So, what is the difference between a stream and a file? It may seem like a dumb and obvious question, but it's crucial in the design of many file based workflows and the applications that drive them.
Let's start with the basic and obvious answer. "You can random access a file but you sequentially process a stream". This used to be important back in the days when CPUs were slow and storage was expensive, but now that we can process UHD in software in real time and my phone can hold a visually lossless HD movie on its internal storage, this answer seems rather dated.
The reality is that a good application ought to be able to treat media like a stream when needed and like a file when needed. For example, if you're pulling a big file from offline or cloud storage, it will be arriving locally as though it were a stream. It might be going slower than real time or maybe faster than real time, but if it's a good file format then the software ought to be able to handle it like a stream. This is often called the growing file or the while scenario.
Another example might be the reception of a live IP stream in a well known codec (e.g. JPEG2000) into a facility. While it's arriving, there is an expectation of good, live stream behaviour i.e. all the synchronised elements are close to each other in the stream as well as being correctly labelled so that a device joining the stream mid-transmission is able to identify what the elements are. It would also be very nice for a device joining mid-stream to know how much of the stream it had missed. These requirements are also shared with the growing file scenario.
In fact, when you list the requirements for a good live stream and a good growing file, you find that the real differences come down to:-
Latency (time delay) between acquiring the stream and displaying / using it
Knowledge of the file's history and its future e.g. index tables
How the timing and synchronisation references are used
Let's take these one by one.
Latency. In a live streaming application, the goal is almost always to minimise this. There is always a balance between cost, complexity and latency but lower latency for live streaming is nearly always better. In a growing file scenario, there is usually more tolerance (sometimes minutes rather than seconds) for the latency of using the received data when compared to a live stream. This fact can be used in the internal structure of the file when designing the multiplex or partitions or index tables to reduce overheads and improve efficiency.

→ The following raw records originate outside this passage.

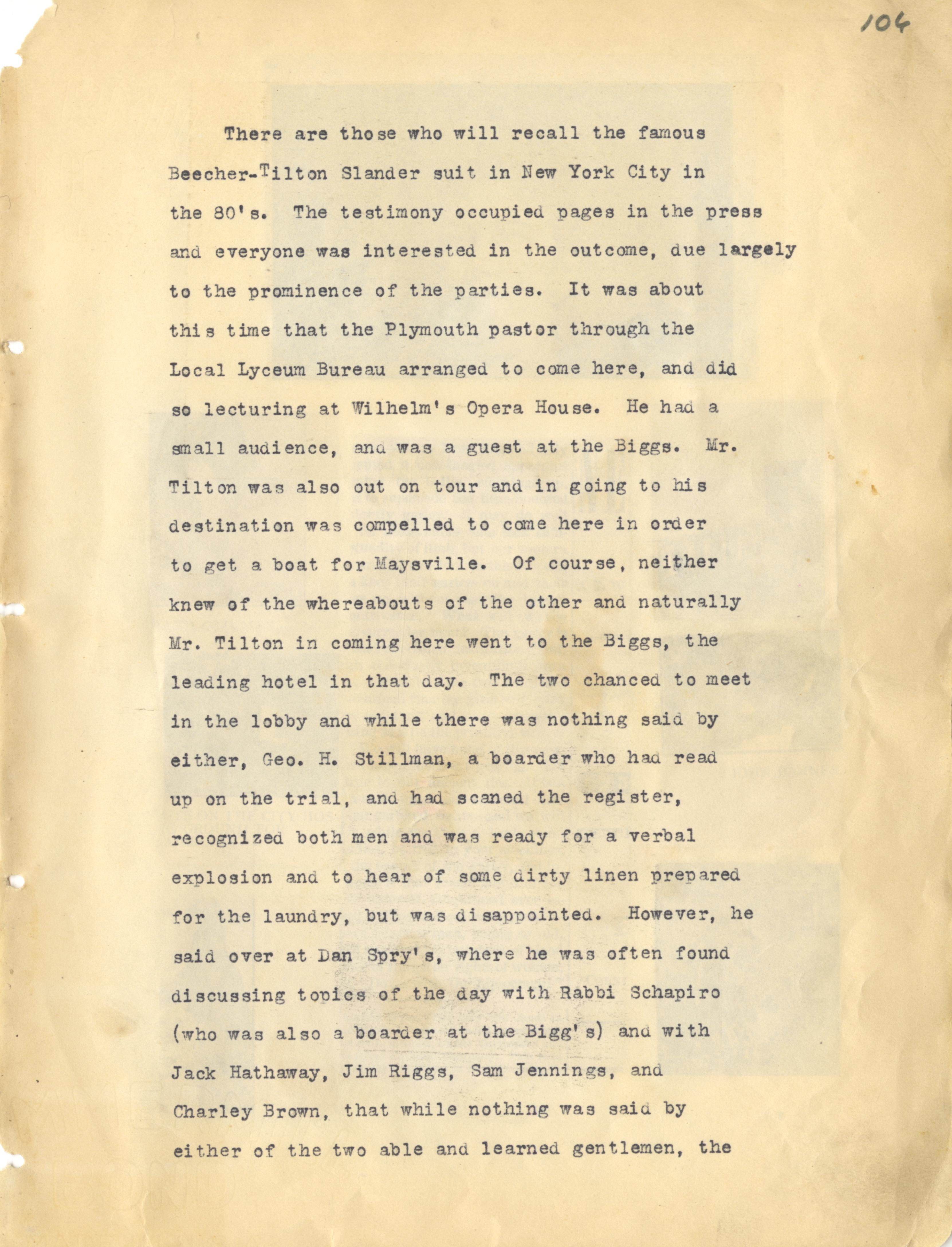 - Beecher- Tilton Slander (1880s); Lyceum Bureau; Wilhelm's Opera House; Biggs; George H. Stillman; Dan Spry; Rabbi Schapiro; Jack Hathaway; Jim Riggs; Sam Jennings; Charley Brown
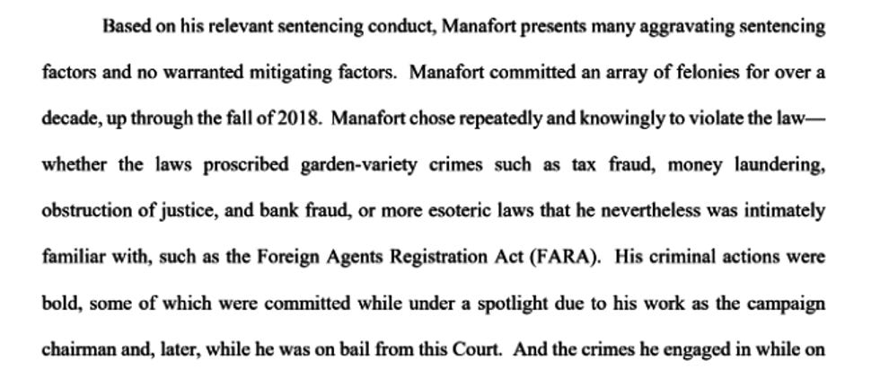 The document just keeps going like that, noting that Manafort does crimes "repeatedly and brazenly" and that even after he was indicted, his crime spree "remarkably went unabated." Donald Trump says he surrounds himself with the best people, and we guess that's true if your idea of "best" is a mobbed up foreign agent who never ever plays hooky from being a criminal. That's the kind of dedication Donald Trump appreciates!
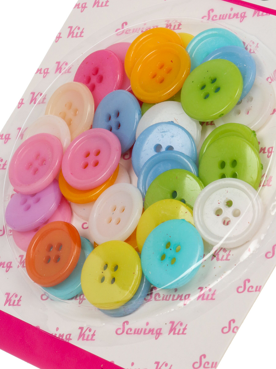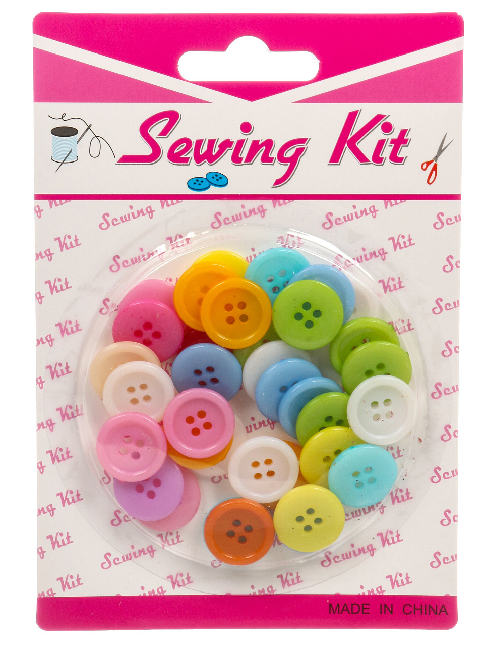 В комплекте 30 предметов: иглы, нити, булавки, напёрсток, ножницы, пуговицы и др. Подходит для домашнего ремонта, творчества, путешествий.
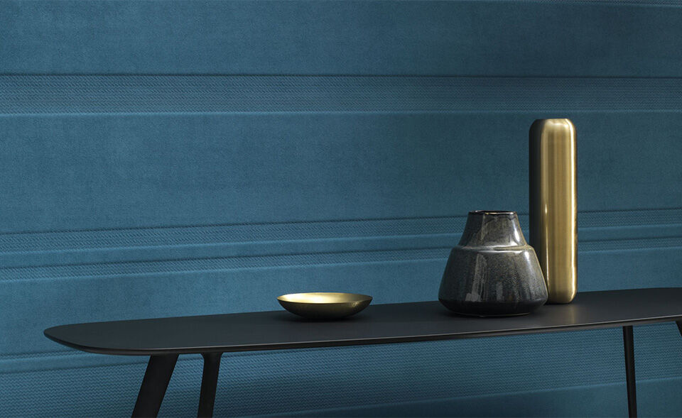 Un revêtement mural acoustique d’exception. Sous l’effet combiné de la compression et de la chaleur, le revêtement acoustique EOS souple et épais prend forme, créant un décor en 3 dimensions. Cet ennoblissement appelé molding réinvente ainsi la surface murale révélant des formes et décors jusqu’alors réservés aux matériaux d’agencement. Ton sur ton et décliné dans 7 tonalités, le décor Vertigo rythmé de rayures bayadères reste sobre, calme et facile à coordonner, tout en signant la décoration de l’espace. L’accroche lumière, naturelle ou artificielle, révèle différemment le motif selon son exposition ou son intensité, créant de multiples tableaux muraux. Le toucher et l'accroche lumière de la suédine subliment les couleurs d’un rendu mat profond et velouté, accentuant l'impression de confort.
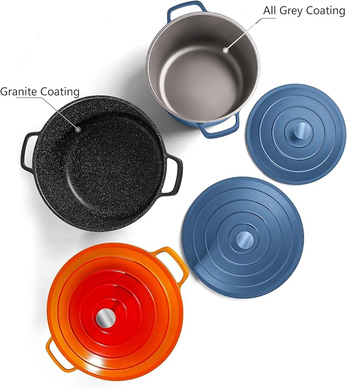 - Versatile and Multi-Purpose Cookware-This Cast aluminum dutch oven can meet all your cooking tasks, serving for dishes-from bread baking, braising to roasting. This is great for stir-fry, soups, stews and sauces as well. The functional all in one pan saves space, keeping the kitchen tidy.
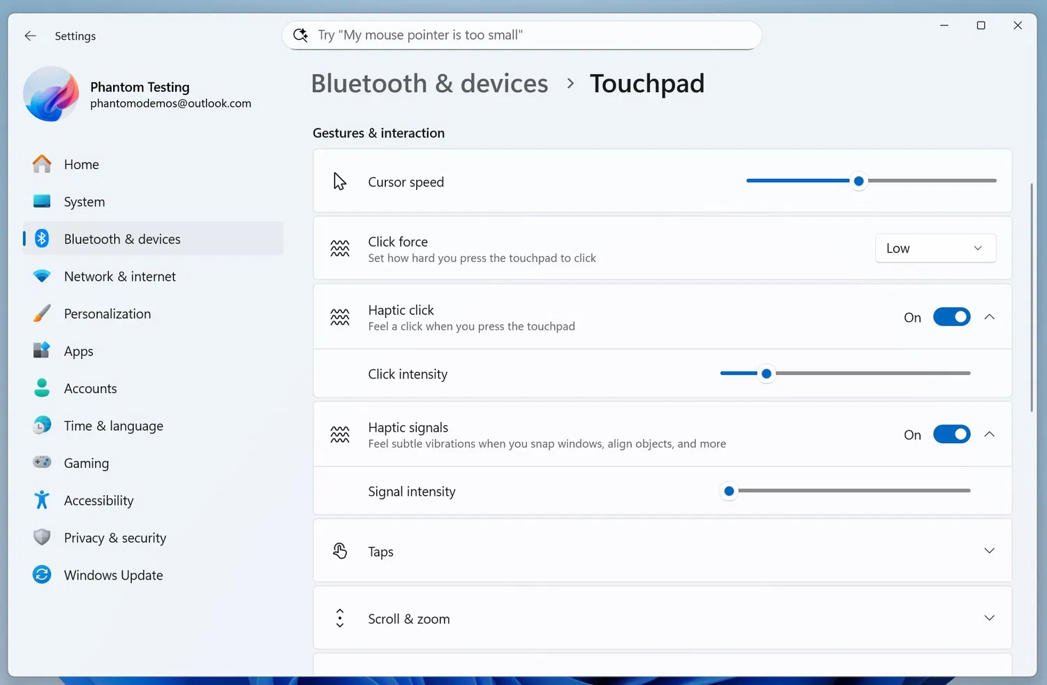 Кроме того, Microsoft вносит изменения в раздел тактильной сенсорной панели, добавив несколько переключателей. Например, настройка чувствительности теперь представлена раскрывающимся списком, а тактильные нажатия или сигналы — двумя отдельными ползунками и переключателями.
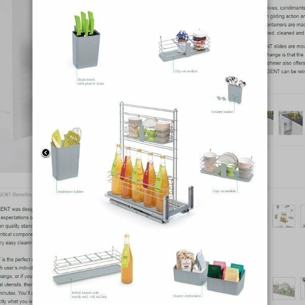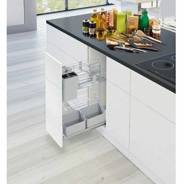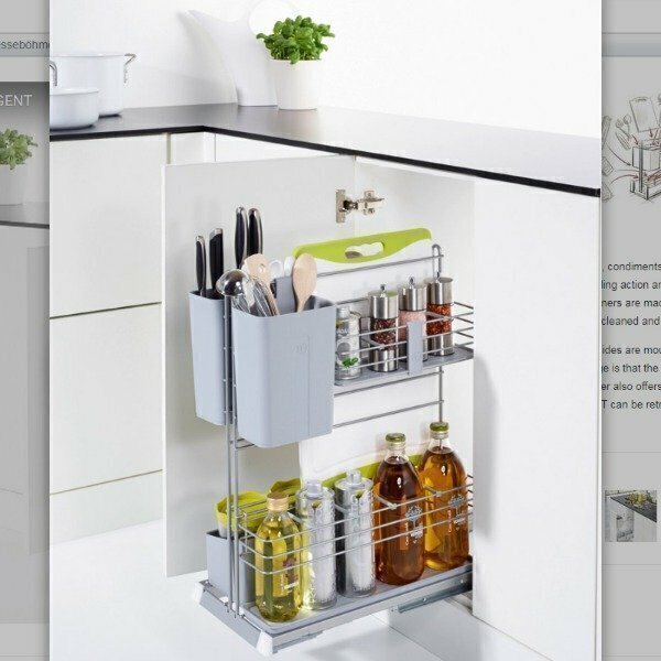Ideal para aplicar en puertas frontales de extracción manual. Multi usos con soporte para cuchillos, bolsas, bateas de almacenamiento y cubetas de organización. Herraje de gran capacidad.
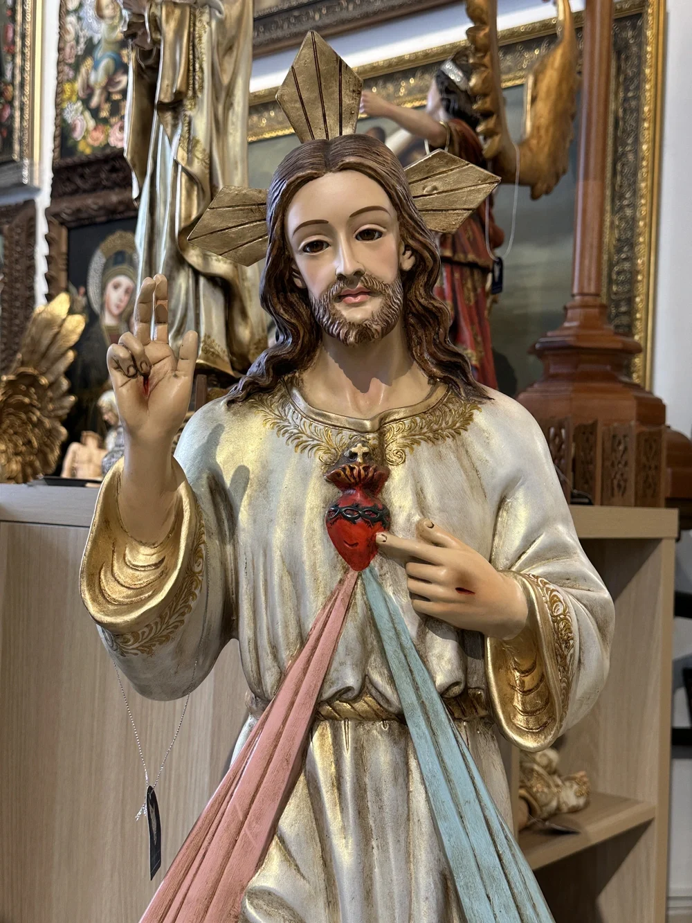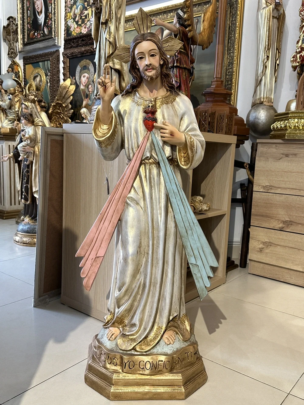 Jesús de la Divina Misericordia, comúnmente conocido como el Misericordioso, es una de las advocaciones modernas más importantes de la Iglesia Católica, basada en las revelaciones privadas a Santa Faustina Kowalska en Polonia durante el siglo XX. Esta pieza devocional de 100 cm de altura, elaborada en fibra de vidrio de alta resistencia, reproduce la imagen de Cristo resucitado, que se aparece con Su mano derecha levantada en gesto de bendición y Su izquierda tocando Su túnica, cerca de Su Corazón. Es el símbolo visible de la promesa de salvación y la consigna inmutable: «Jesús, en Ti confío.»
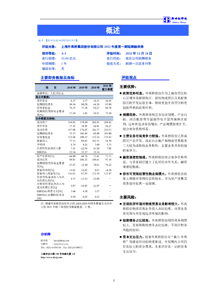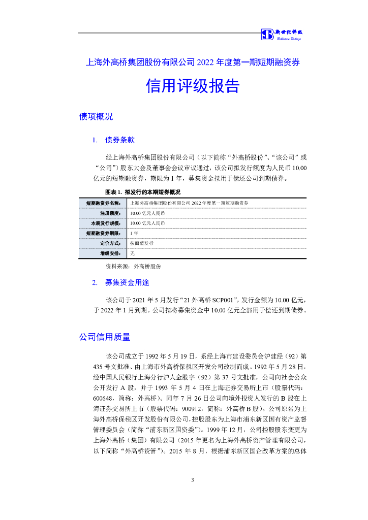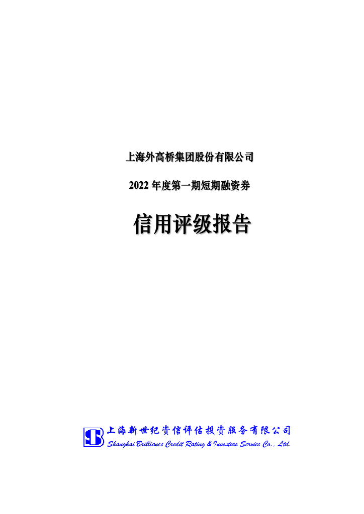 新世纪:上海外高桥集团股份有限公司2022年度第一期短期融资券债项信用评级报告.pdf
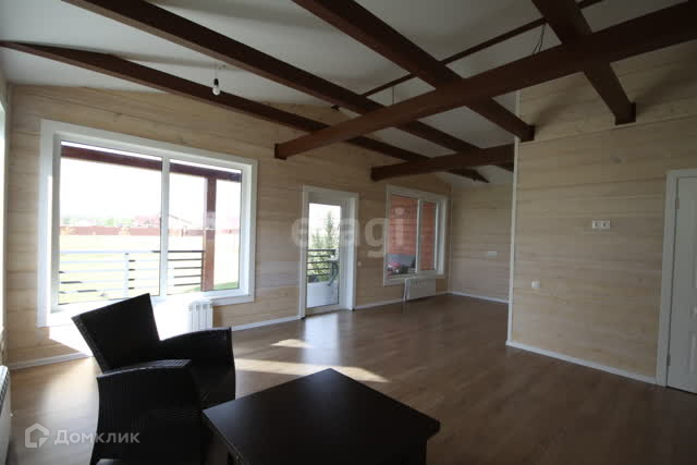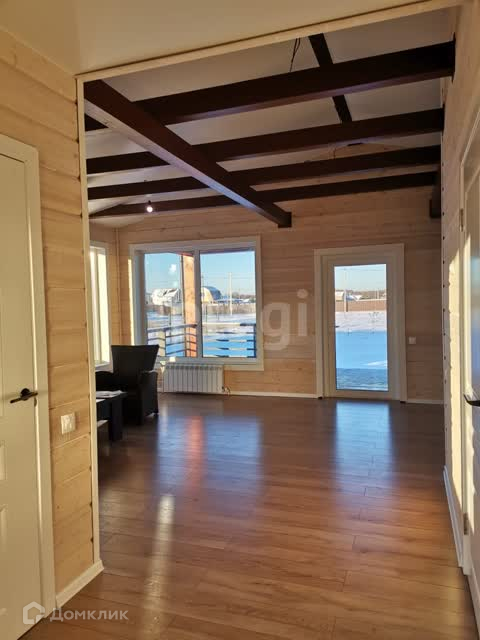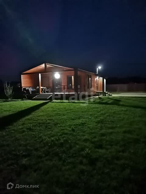 Дом по подрядному строительству. По проекту просторная кухня-гостиная, 2 спальни, санузел и сауна. Обустроен паркинг, терраса возле дома 25 кв.м. Каркасный дом, выполнен с имитацией бруса. Утепление 200 мм мин ватой, что позволяет прекрасно сохранять тепло зимой и не дает нагреваться дому летом.

History. In a growing file scenario, the complete file may exist somewhere in the cloud or on external storage and an index table for the entire file may exist. In the MXF world, the index tables can be chunked to allow the file to be used in 10sec or 1min or 10min chunks depending on the application with the full index table being transmitted at the end of the file. In contrast, a live stream multiplex will often omit index tables and they can be recreated when the file is ingested or rewrapped on reception.
Timing & Sync. In a file, the timing and synchronisation are usually relative to the internals of the file, whereas in a live stream, the timing could be relative to the clock on the wall or to the start of transmission. In the work being carried out on the synchronisation of component IP streams, this becomes important when different elements in the stream might be sent via different routes and then re-synchronised.
Why is any of this important? It's because we are living in a world where moving data over IP networks is less of a technological barrier and the economics of the data move are rising higher in the list of things to consider. One approach for HTTP streaming uses chunks of transport stream (a live streaming multiplex) stored as files on a server and then contiguously streamed to achieve a streaming experience. Many live-highlights editing workflow use MXF files growing on disc to be randomly accessed by editing software to build a package while the file is coming in.
If you're designing a workflow where you need to manipulate the content while it's arriving, the decision of the format on the wire won't be a technological one for much longer. It will be a commercial decision based on the requirements of the workflow and the equipment available.
Is it a file? Is it a stream? Who cares! Put a blue cape on it and call it superman. It's getting the right results at the right time for the right cost that counts.